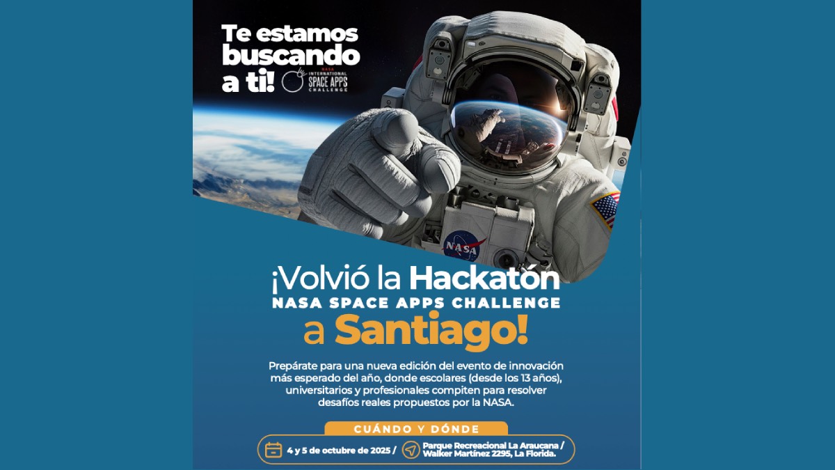 La actividad, liderada por Caja La Araucana en Chile, congregará a cientos de jóvenes mayores de 13 años, estudiantes de pregrado, hasta profesionales de diversas disciplinas del país para resolver 18 desafíos reales de la NASA, utilizando datos e imágenes proporcionadas por la agencia espacial. Las postulaciones ya están abiertas y los interesados podrán inscribirse hasta el 03 de octubre.
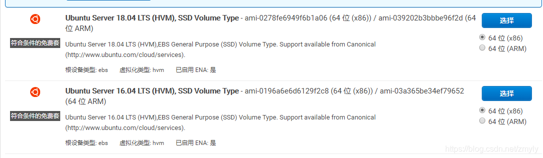 6、在实例中选择免费实例,由于我是Apt系的,所以我选择Ubuntu;
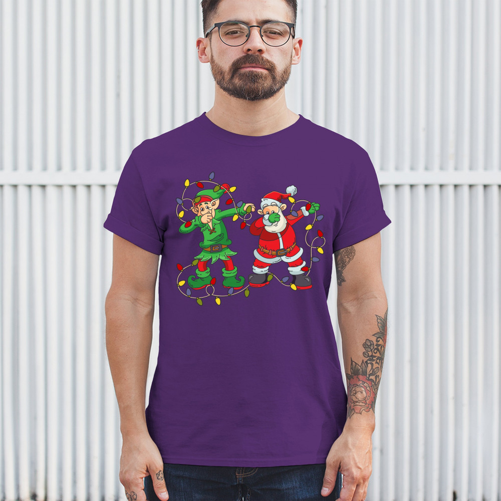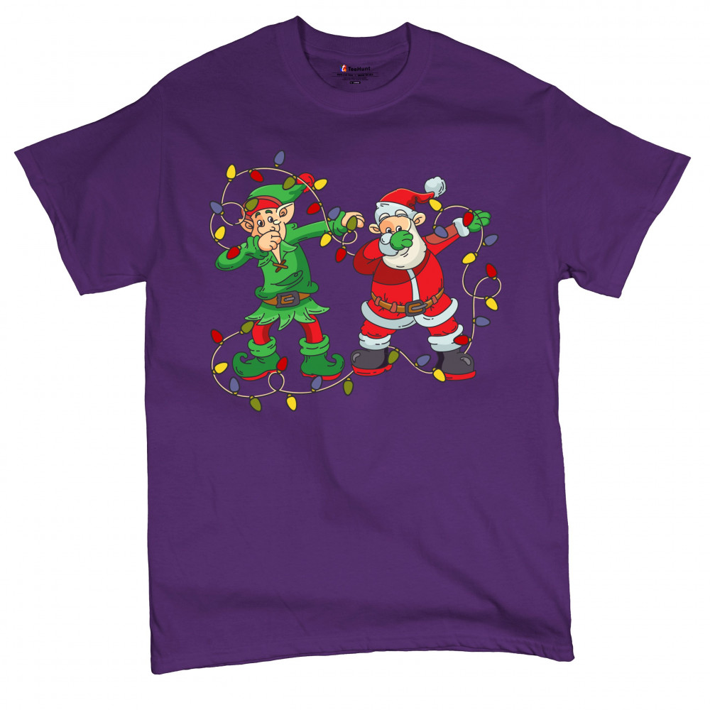 ELF AND SANTA CLAUS DAB DANCING t-shirt merry and bright christmas men's tee purple
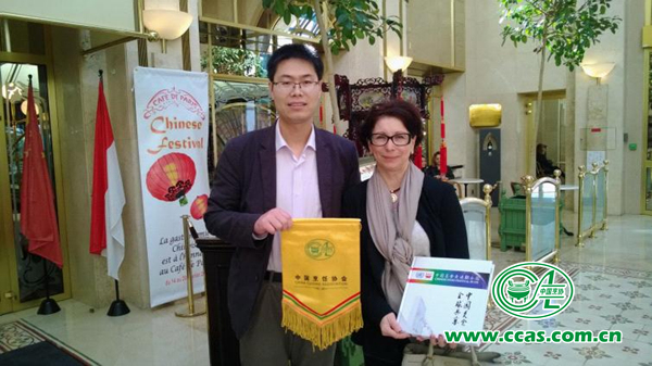 摩纳哥驻华大使凯瑟琳·福特里埃接受中国美食展演团领队赠送的中国烹饪协会会旗

* _To do_: Your output should be the lines from the one with "ELF AND SANTA" through the end of the listing, copied exactly and with the pictures left out.

* _Response to the task_:
 ELF AND SANTA CLAUS DAB DANCING t-shirt merry and bright christmas men's tee purple
 摩纳哥驻华大使凯瑟琳·福特里埃接受中国美食展演团领队赠送的中国烹饪协会会旗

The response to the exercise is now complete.